He pushed through the sea of bodies and flashing lights, his head spinning. He turned a corner toward the glass-walled living area, and that’s when he saw him.

The living room was a sunken den of white leather and chrome, and in the middle of it was Chance. In all his glory, it felt like they were orbiting around and he was the centre of it all, radiant and unbothered. But when Will really looked, Chance didn't look like he was having fun. He looked like he was presiding over a court. He was nursing a crystal tumbler of amber liquid, looking utterly untouchable. One girl was draped over his lap, her arms wrapped around his neck, while another was on the side, aggressively necking him, her hand tangled in his dark hair. A third girl was whispering in his other ear, vying for even a second of his attention.
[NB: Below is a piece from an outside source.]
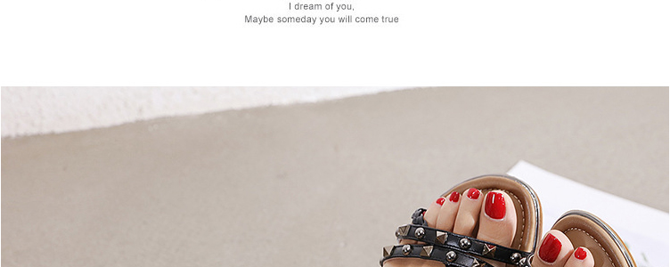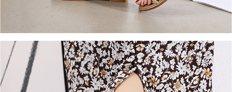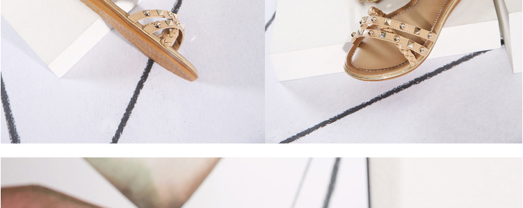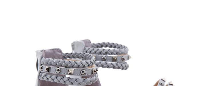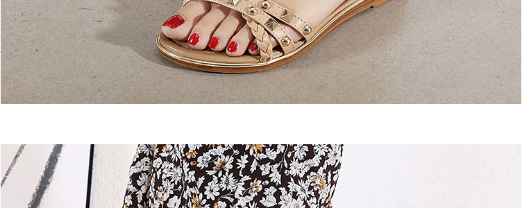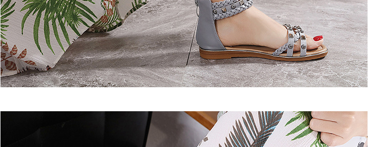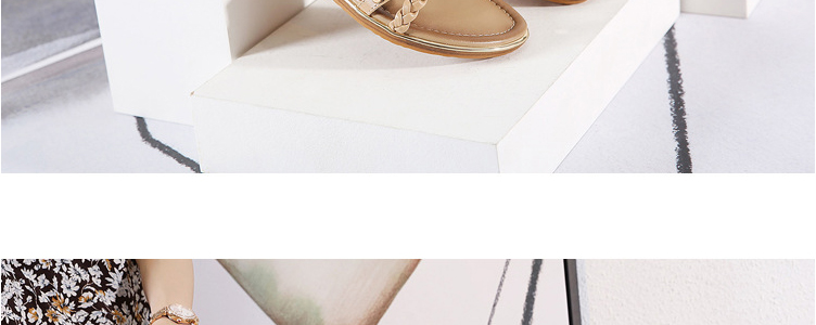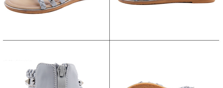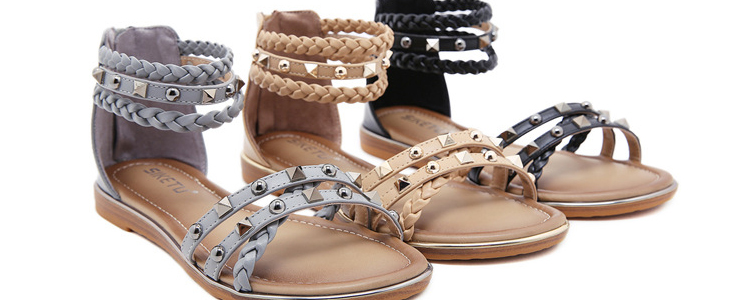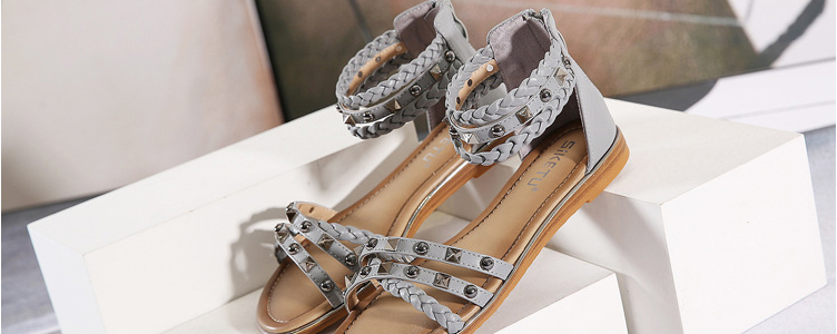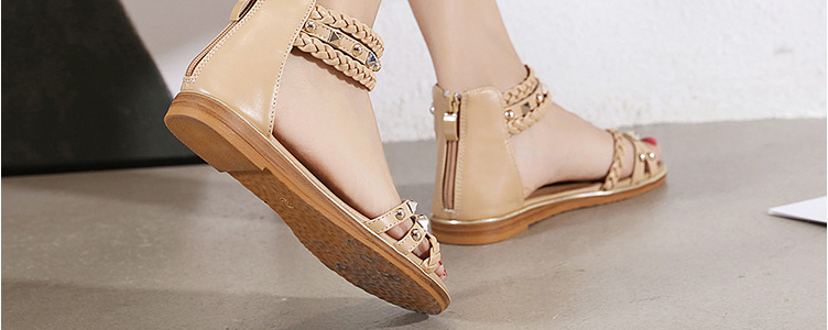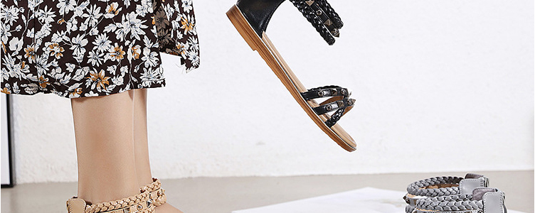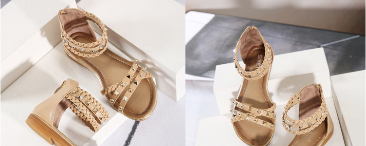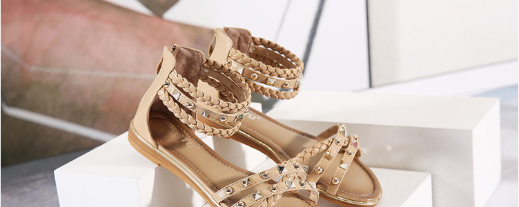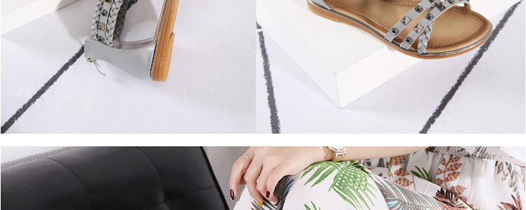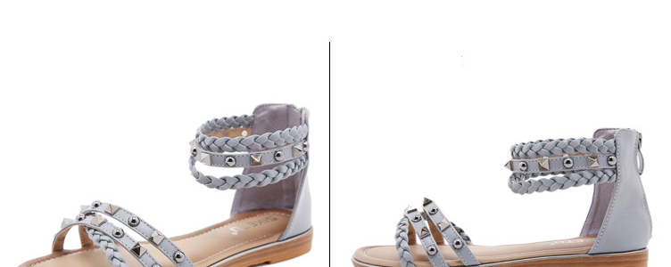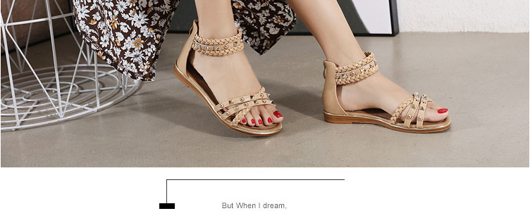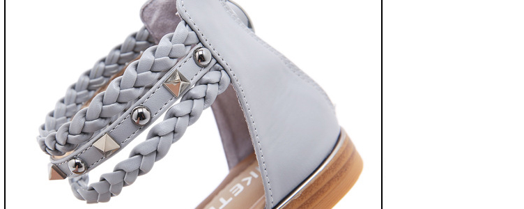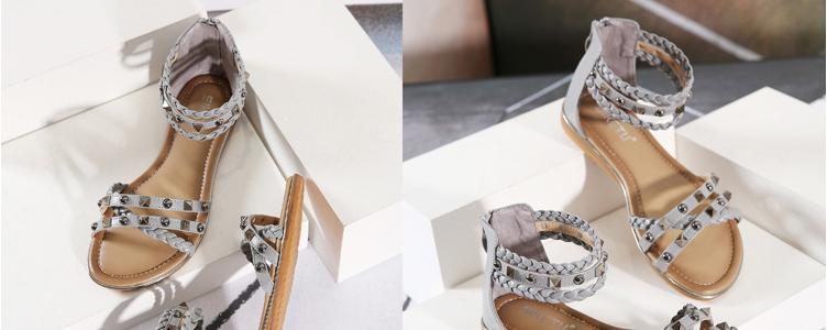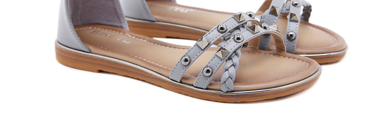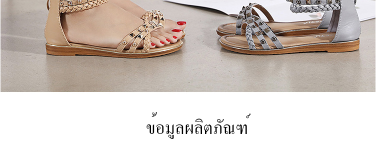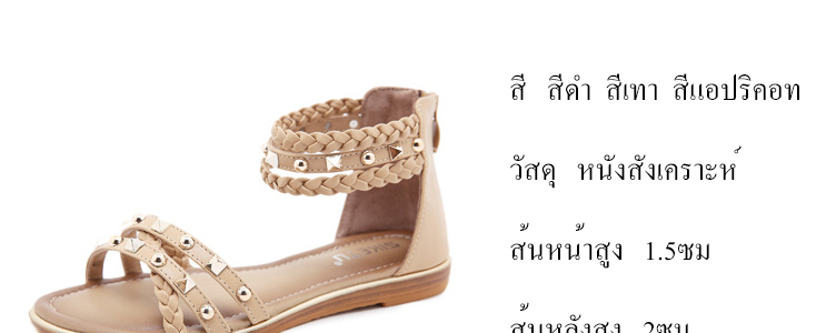 รองเท้ารัดส้นลายถักส้นแบนติดหมุด

Will stared, frozen by the sheer, magnetic gravity of the scene. A second later, Will quickly looked away, his heart hammering against his ribs as he tried to disappear into the crowd. He didn't see it, but a moment after he turned his head, Chance’s gaze lazily drifted toward the glass—scanning the room until it landed exactly where Will had been standing just a breath before.

 

Stacy’s kitchen was a cathedral of dark, polished granite and warm mahogany—expensive enough to make the luxury feel oppressive. A man in a crisp tuxedo was stationed at the end of a massive soapstone island, his hands moving in a blur as he popped bottles of vintage champagne, the foam spilling over crystal flutes for a line of teenagers who were treating the luxury like tap water, giving expensive wine the respect of vinegar.
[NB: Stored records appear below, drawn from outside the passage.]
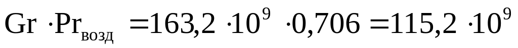 15. Произведение параметров Прандтля и Грасгофа для газового пространства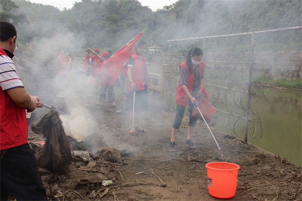 志愿者们满怀激情迎着烈日来到了沿河风光带,大家不怕脏、不怕累,手拿钳子、袋子共同协作,将河道旁散落的塑料袋、食品包装盒、饮料瓶、废纸等白色垃圾进行了清理和焚烧,经过近3个小时的清理,将沿路及河道旁的垃圾全部清理干净。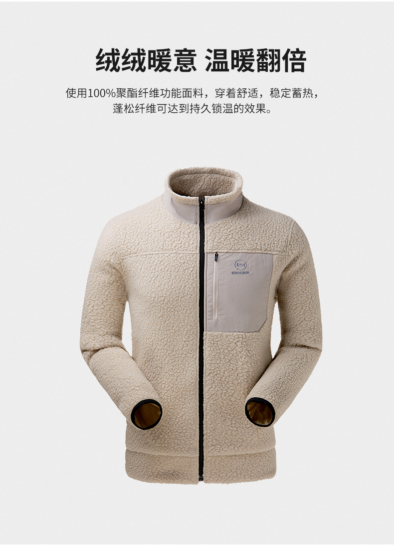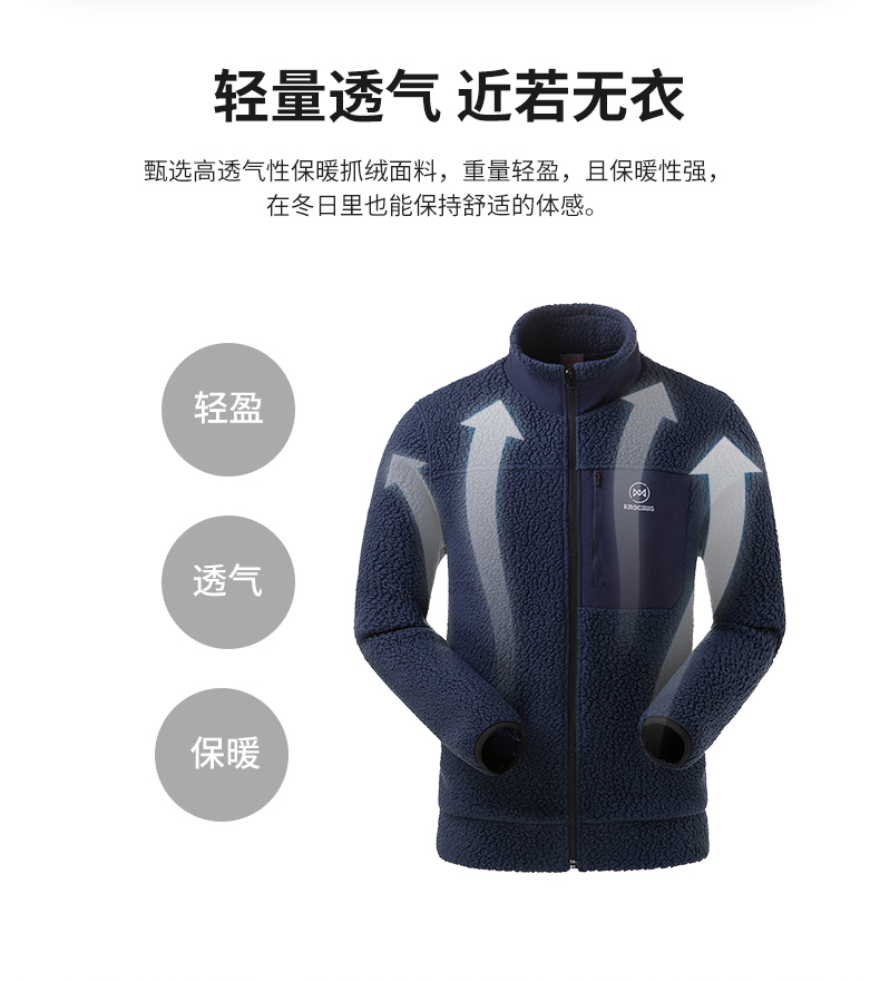 抓绒作为保暖面料,同样重量下的保暖效果,是棉的4-5倍、羊毛的2-3倍、比羊绒也略好一些。虽然还不如羽绒服,但速干透气的特征也是羽绒服不具备的,不像羽绒服上身显臃肿,可保持肩膀手臂和平常衣物同样灵活自如。

Silver platters were piled with oysters and prime rib sliders, but the elegance was already being stained by discarded red cups and the sticky, sweet smell of spilled punch.

Will stood by a tower of glasses, his fingers tracing the cold rim of his cup. He felt a jarring sense of displacement, his focus splintering every time he tried to settle into the room. He wasn't hungry, and the idea of drinking felt like trying to swallow glass. He just wanted to be invisible hanging behind his friends, but the sheer scale of the Albright house made him feel like a glitch in a high-definition movie.

His eyes drifted toward the fireplace almost instinctively, pulled by a raw, unrefined curiosity. He watched the way Chance stood, then immediately snapped his gaze back to his drink, his pulse quickening. A moment later, he looked again, his eyes lingering as he tried to reconcile the two versions of the boy he'd seen today. By the third time he caught his eyes drifting, a sharp jolt of irritation hit him. He bit the inside of his cheek, demanding his own mind to just quit it.

 

But the urge didn't stop. It wasn't just curiosity anymore; it was a desperate, need to make the pieces fit. The version of Chance he’d witnessed at the graves—the raw, shattered boy who looked like he was vibrating with grief—was a piece that simply didn't fit into the puzzle of the Chance who was standing there now. This Chance was all sharp edges and a polished armor of arrogance that felt impenetrable.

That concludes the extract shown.